Quando comecei a formular essa metáfora, percebi que a fase de lagarta é justamente a infância, fase da vida em que nós apenas absorvemos e aprendemos o que o mundo tem a nos oferecer, mal sabendo nós que no futuro teremos que por esse pouco conhecimento à prova. Um pouco mais tarde, vem o casulo, mais conhecido como a maldita adolescência. Se você está passando ou já passou por esse período, sabe muito bem que é uma época conturbada e de muitas mudanças tanto corporais quanto sociais e mentais - eu diria que as duas últimas são as piores. É nessa hora que, infelizmente, você tem que começar a fazer escolhas pensando na borboletinha em que você quer virar e essa não é uma tarefa fácil. É nessa hora que você começa a ter consciência do mundo quebrado em que você vive - não é mais aquele mundinho colorido em que todo machucado se resolve com um beijinho de mamãe. É nessa hora que você percebe que alguns amigos não são tão amigos assim. É nessa hora que todas as suas crenças são questionadas e você tem que escolher se vai continuar com elas ou vai atrás de novas. É nessa hora que você começa a descobrir coisas sobre si mesmo que preferiria que tivessem continuado guardadas no fundo do baú. É nessa hora que você tem que achar onde pertence no mundo. É nessa hora. É nessa hora. É nessa hora...

Tudo isso pra se transformar na bendita borboleta.

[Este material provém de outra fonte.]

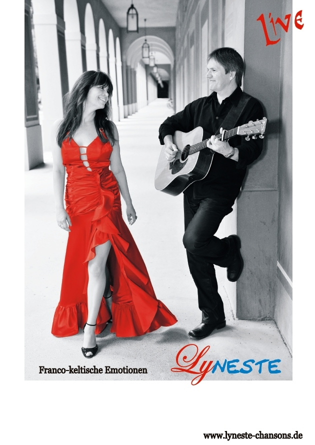 Andy von Treuberg aus Northumberland zupft mit seinen Gitarren melodische Landschaften, in denen Cathy Dangels warme und klare Stimme mal eine kräftige Sonne und mal einen romantischen Mond dazumalt. Und wenn Andy und Cathy im Duett singen, scheinen Sonne und Mond im harmonischen Gleichklang, ein Rendez-vous der verführerischen Klänge. Irische Folksongs wechseln sich dabei ab mit französischen Chansons. Mal reißen Lyneste mit lebensfrohen Rhythmen mit, mal klingen ihre Lieder romantisch und verträumt. Cathy ist das Energiebündel, die „Lady in red“, Andy der Ruhepol. Besetzung: Cathy Dangel, Gesang / Andy von Treuberg, Gitarre und Gesang / Peter Weigele, Querflöte.

Acho que cada pessoa tem seu próprio tempo dentro do casulo. Antes eu achava que com a chegada dos 18 anos todo esse processo sofrido viria ao fim, mas com a proximidade desse evento começo a perceber que não é bem assim. Algumas pessoas entram nele cedo demais e acabam tendo que sair dele também muito cedo. Outras entram no tempo certo, mas por infelicidades do destino precisam amadurecer depressa para encarar as cobranças da vida. Outras ainda têm casulos que teimam em não se romperem. Tenho a impressão de que o meu é este último. Sinceramente, não sei o que é pior: passar por essas provações todas de uma vez ou elas terem intervalos entre uma e outra, demorando a acabar.

Me pergunto se a lagarta sofre também dentro do casulo para se transformar em borboleta.

Eu mesma entrei no meu casulo no tempo certinho, sem nem saber o que aquilo significava. Estava ansiosa por aquela nova fase da vida, mas não sabia que junto com as muitas memórias boas também viriam muitas outras que iria querer esquecer. Mas essa é a realidade, né? Não dá pra ser feliz o tempo todo - se até a lagarta e a borboleta têm que fugir de predadores ou coisas do tipo porque comigo seria diferente? 

Uma mania nossa é admirar o tempo todo só a borboleta. Suas cores, sua beleza, sua delicadeza. Mas a gente esquece que um dia ela foi casulo e lagarta. A gente esquece de todo o processo que a levou até esse momento. A gente esquece que lagarta e borboleta são a mesma espécie. Por mais que as duas pareçam tão diferentes, a única coisa que as separam é o tal do casulo: essa experiência de mudança, de amadurecimento, de evolução. Somos do mesmo jeito. Ainda levamos alguns trejeitos daquela criança travessa que um dia fomos, assim como a borboleta leva os mesmos genes da lagarta dentro de si, o que muda agora é que fomos moldados a ferro quente pelas adversidades que a vida jogou em nosso colo, pelas pessoas que cruzaram nosso caminho, pelas experiências boas e nem tão boas assim que passamos, pelas coisas que aprendemos e pelas histórias que vivemos. Tudo isso nos transformou e nos transforma nas pessoas que somos hoje. Somos uma metamorfose ambulante.

A verdade é que, apesar de todo o sofrimento que vem junto com esse processo, está sendo divertido ver o desenrolar de algumas descobertas. Mal posso esperar pra conhecer a borboleta que eu vou ser.